The 8.83 per cent 10-year benchmark bond maturing in 2023 fell to Rs 99.90 from Rs 99.9375 previously, while its yield held stable at 8.84 per cent.

The 8.12 per cent government security maturing in 2020 moved-down to Rs 94.60 from Rs 94.65, while its yield edged-up to 9.21 per cent from 9.20 per cent.
 

The 7.28 per cent government security maturing in 2019 also declined to Rs 92.9975 from Rs 93.04, while its yield inched-up to 8.98 per cent from 8.97 per cent.

However, the 8.28 per cent government security maturing in 2027 gained to Rs 92.42 from Rs 92.40, while, its yield edged-down to 9.27 per cent from 9.28 per cent.

The 6.07 per cent government security maturing in 2014 edged-up to Rs 99.4025 from Rs 99.40, while, its yield climbed to 9.07 per cent from 9.04 per cent.

The 9.20 per cent government security maturing in 2030 also gained to Rs 99.70 from Rs 99.65, while its yield inched down to 9.23 per cent from 9.24 per cent.

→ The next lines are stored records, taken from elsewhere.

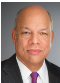
Former U.S. Secretary for the Department of Homeland Security Jeh Johnson.

business, your workforce and your customers. The people who work for you and who depend upon your advice are relying on your leadership to respond in ways that protect them, and that will ensure the resilience of your business.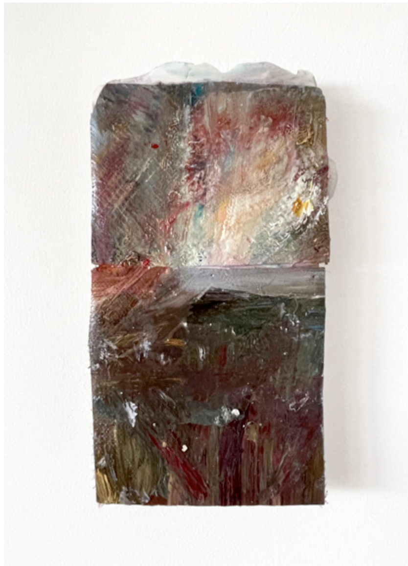
Misguided Angel Love You Till the Day I Die, 2021, Oil and jade glue on linen, 7" x 4"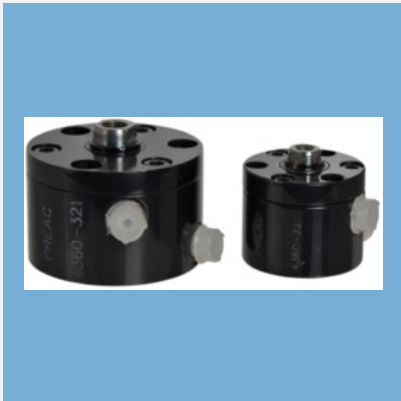
Hydraulic Compact Cylinders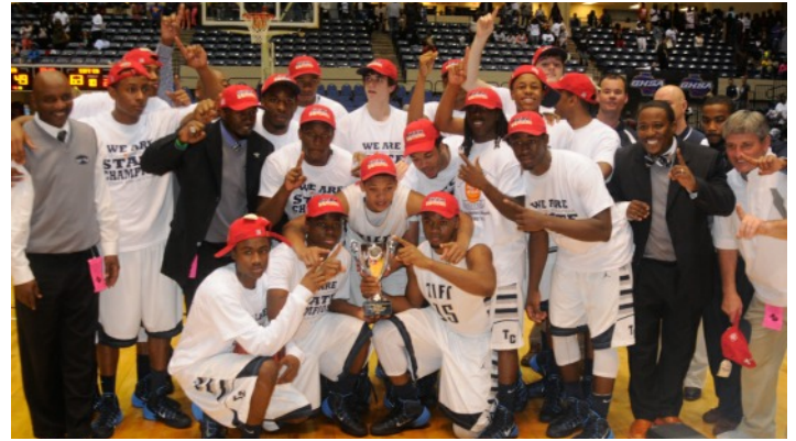
AAAAAA Boys: Tift County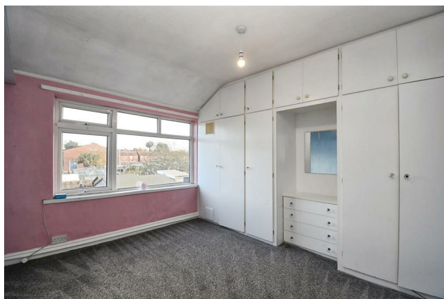
Bedroom two 11'5" x 11'2" (3.50 x 3.41 )

UPVC double glazed window, central heating radiator, fitted wardrobes, and carpeted flooring.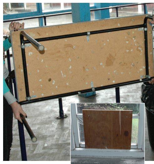
Plate 6: Chewing gum and general deferred maintenance, School 1

Some of the rooms are quite dusty, yeah it’s like quite thick dust, in the cubicles when you look down there is a thick layer of dust and you leave your bag there and it gets all dusty and then you’ve got your coat and you’re not allowed to put your stuff on the table. I reckon they should have somewhere that you can hang your bag.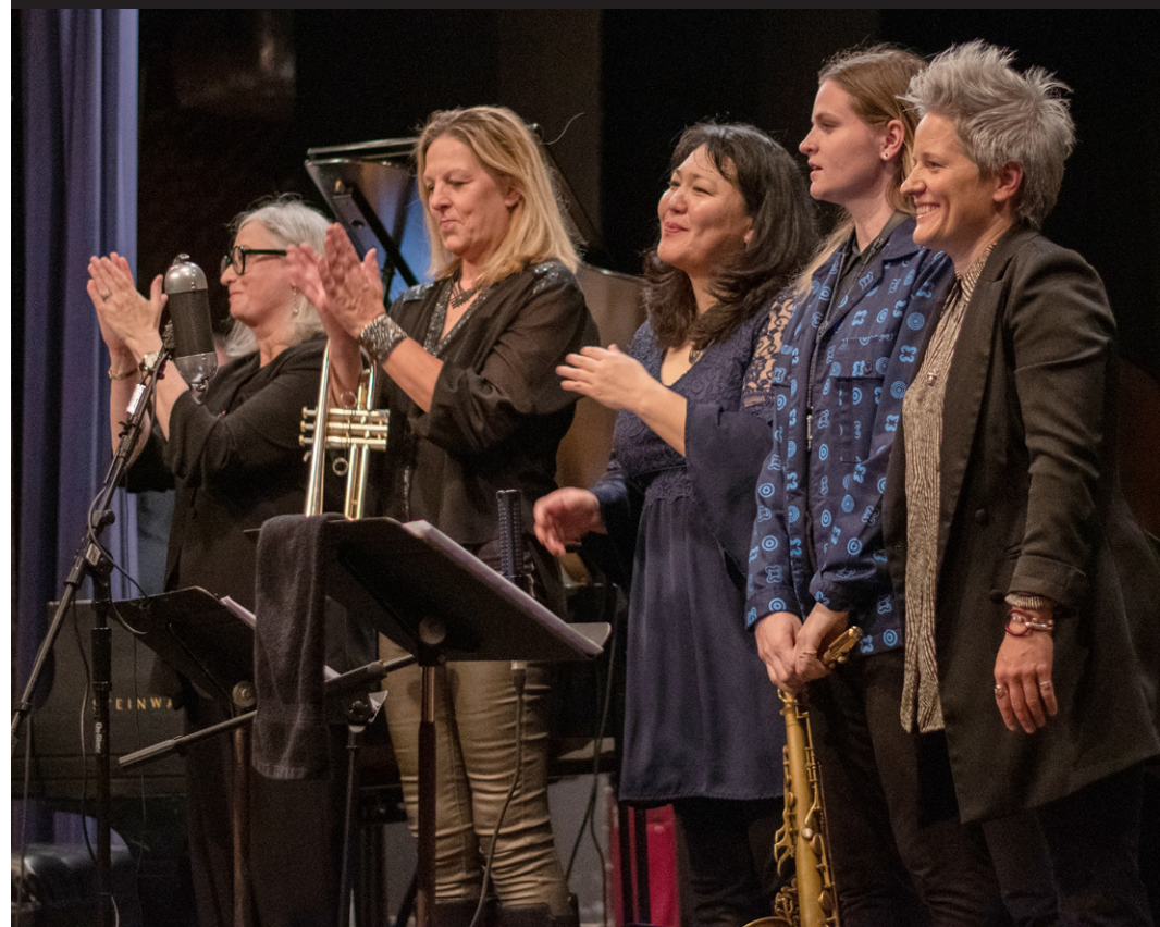
Bottom photo: Jazz Touring Network member Arden Club (Arden DE) hosted Artemis at Arden Gild Hall.

The overnight call money rate ended higher at 8.50 per cent from 7.10 per cent yesterday. It moved in a wide range of 9.00 per cent and 7.65 per cent.

The Reserve Bank of India (RBI) under the Liquidity Adjustment Facility (LAF) purchased securities worth Rs 22.70 billion in 7-bids at the 1-day repo auction at a fixed rate of 8.00 per cent today morning, while sold securities worth Rs 105.52 billion from 24-bids at the 1-day reverse repo auction at a fixed rate of 7.00 per cent last evening.